Lapatinib

When ATH:
L01XE07

Pharmacological action

The antitumor agent, reversible, selective inhibitor of the intracellular tyrosine kinase. Associated with the epidermal growth factor receptor (epidermal growth factor receptor – EGFR/ErbB1 и human epidermal growth factor receptor – HER2 /neu/ЕrbВ2 ). It differs from other tyrosine kinase inhibitors bystroobratimyh slower dissociation with ErbB1- and ErbV2 receptors (period of dissociation 50% ligand from the ligand-receptor complex is approximately 300 m).

In addition to its own in vitro activity has been demonstrated additive activity of lapatinib and 5-fluorouracil (the active metabolite of capecitabine) when used in combination for four tumor cell lines. The inhibitory effect was evaluated for trastuzumab-treated cells. Lapatinib demonstrated significant activity on tumor cell lines immortalized in media, containing trastuzumab, that shows no cross-resistance between the two ligands HER2 / neu / ErbB2 .

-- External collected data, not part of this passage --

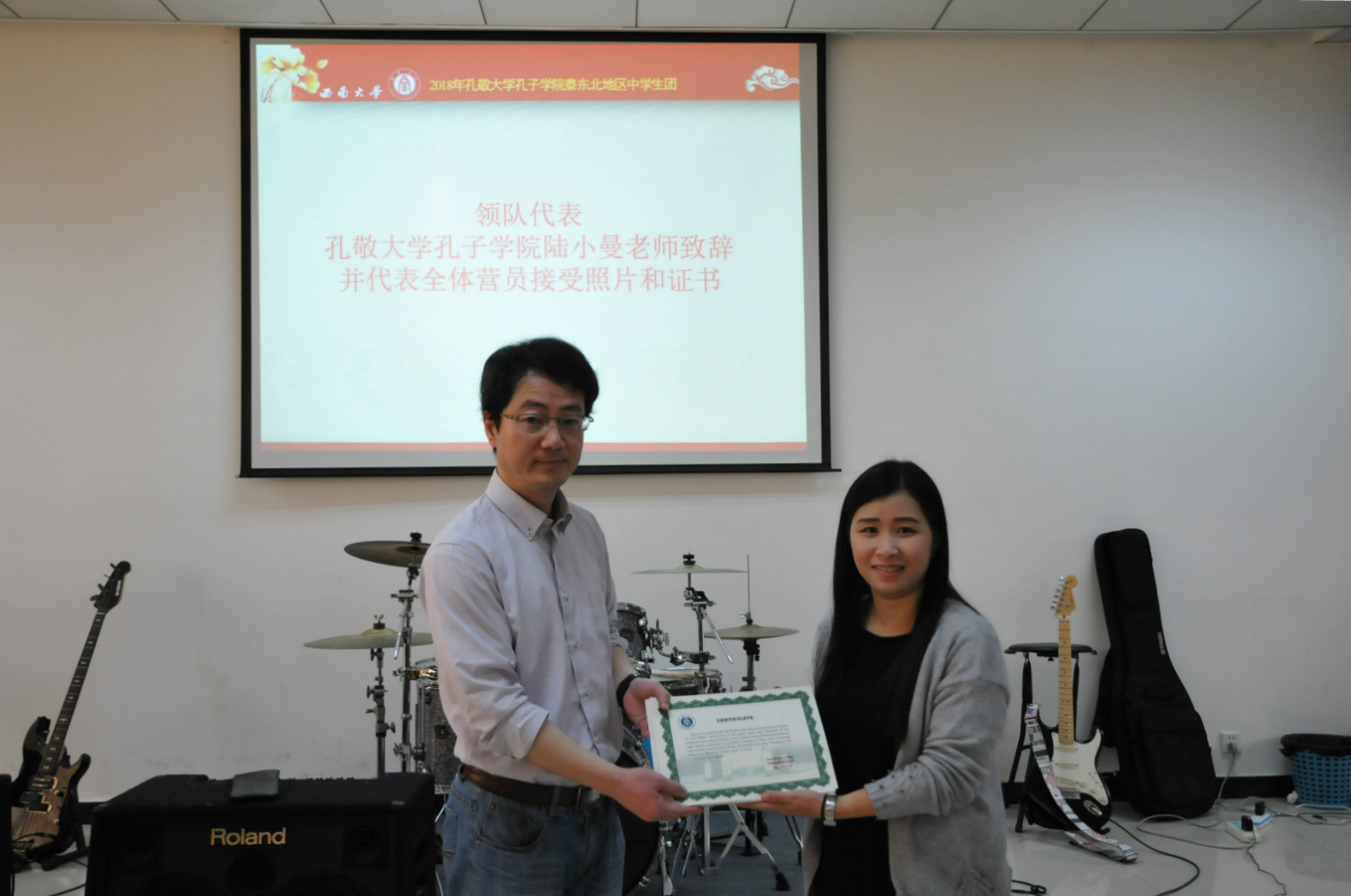 4月10日上午,公司在紫云楼317教室隆重举行“泰国孔敬大学孔子公司2018年泰东北地区基教委中员工团暨泰东北地区中员工汉语培训营”闭营仪式。由该孔院选拔的37名优秀学员完成了为期两周的汉语培训课程,即将返泰。TapTap副经理李航、招生办主任李林泽、班主任王鹊、汉语实习教师代表王紫欣和孔敬孔院带队教师丁了了、陆小曼出席了开营仪式。
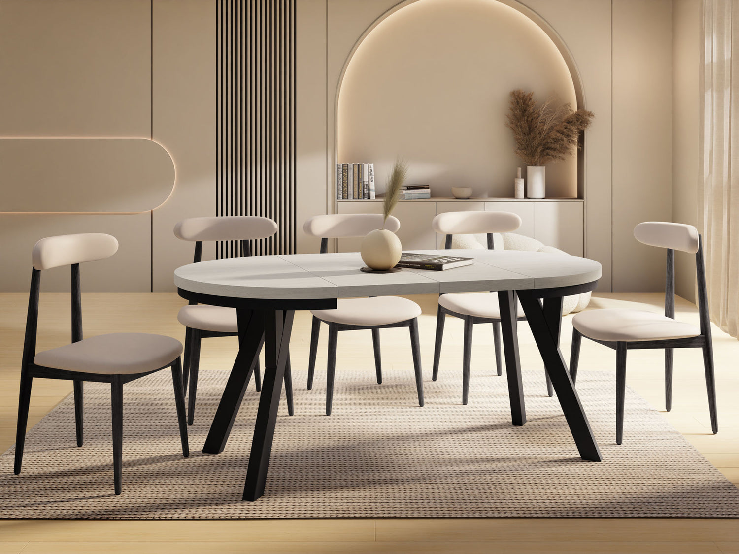 Moderner Esstisch mit cleverer Funktion – stilvoll, rund, ausziehbarer
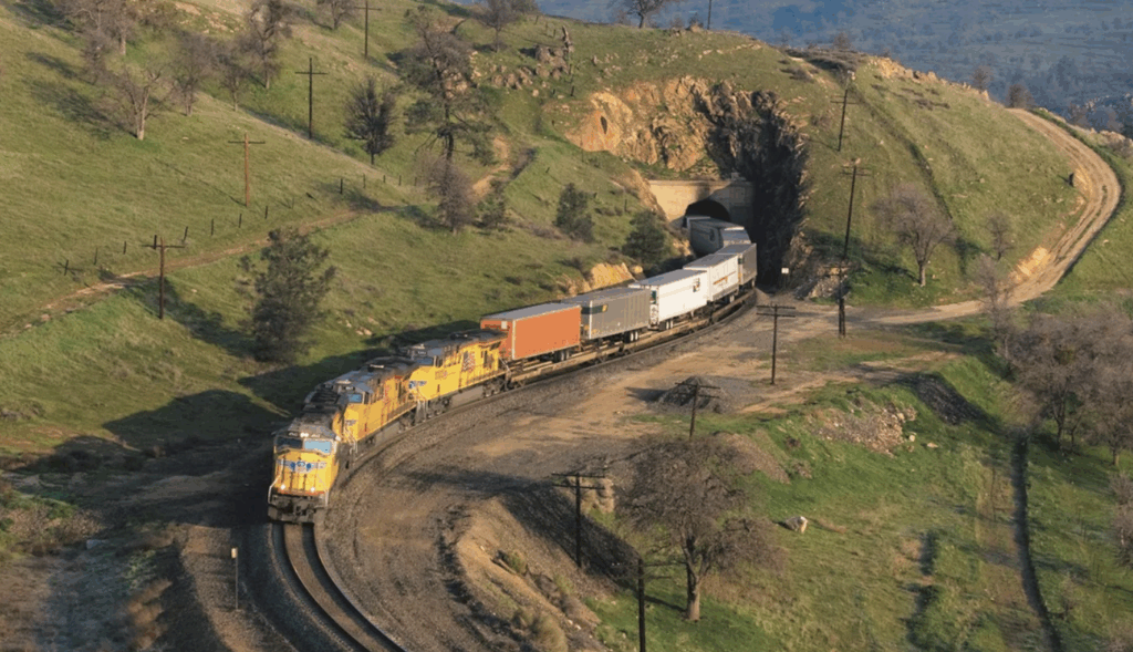Located just south of the Sequoia National Forest and just north of Los Angeles, UP said that Tehachapi is home to a railroad engineering marvel: the Tehachapi Loop. “The 0.73-mile section of track literally forms a circular loop, allowing the track to rise at a steady 2% grade,” according to the Class I railroad. “With a tunnel at the base of the loop and another track that passes above it at the other end, any train longer than 4,000 feet will pass over itself—an engineering feat and a rare sight to see.”

According to the research lapatinib is an active drug, when administered as monotherapy in patients with metastatic breast cancer. The results showed, that the combined use of lapatinib with capecitabine for the treatment of patients with erbB2-positive advanced breast cancer increases the time to progression, and significantly, and significantly reduces the risk of disease progression.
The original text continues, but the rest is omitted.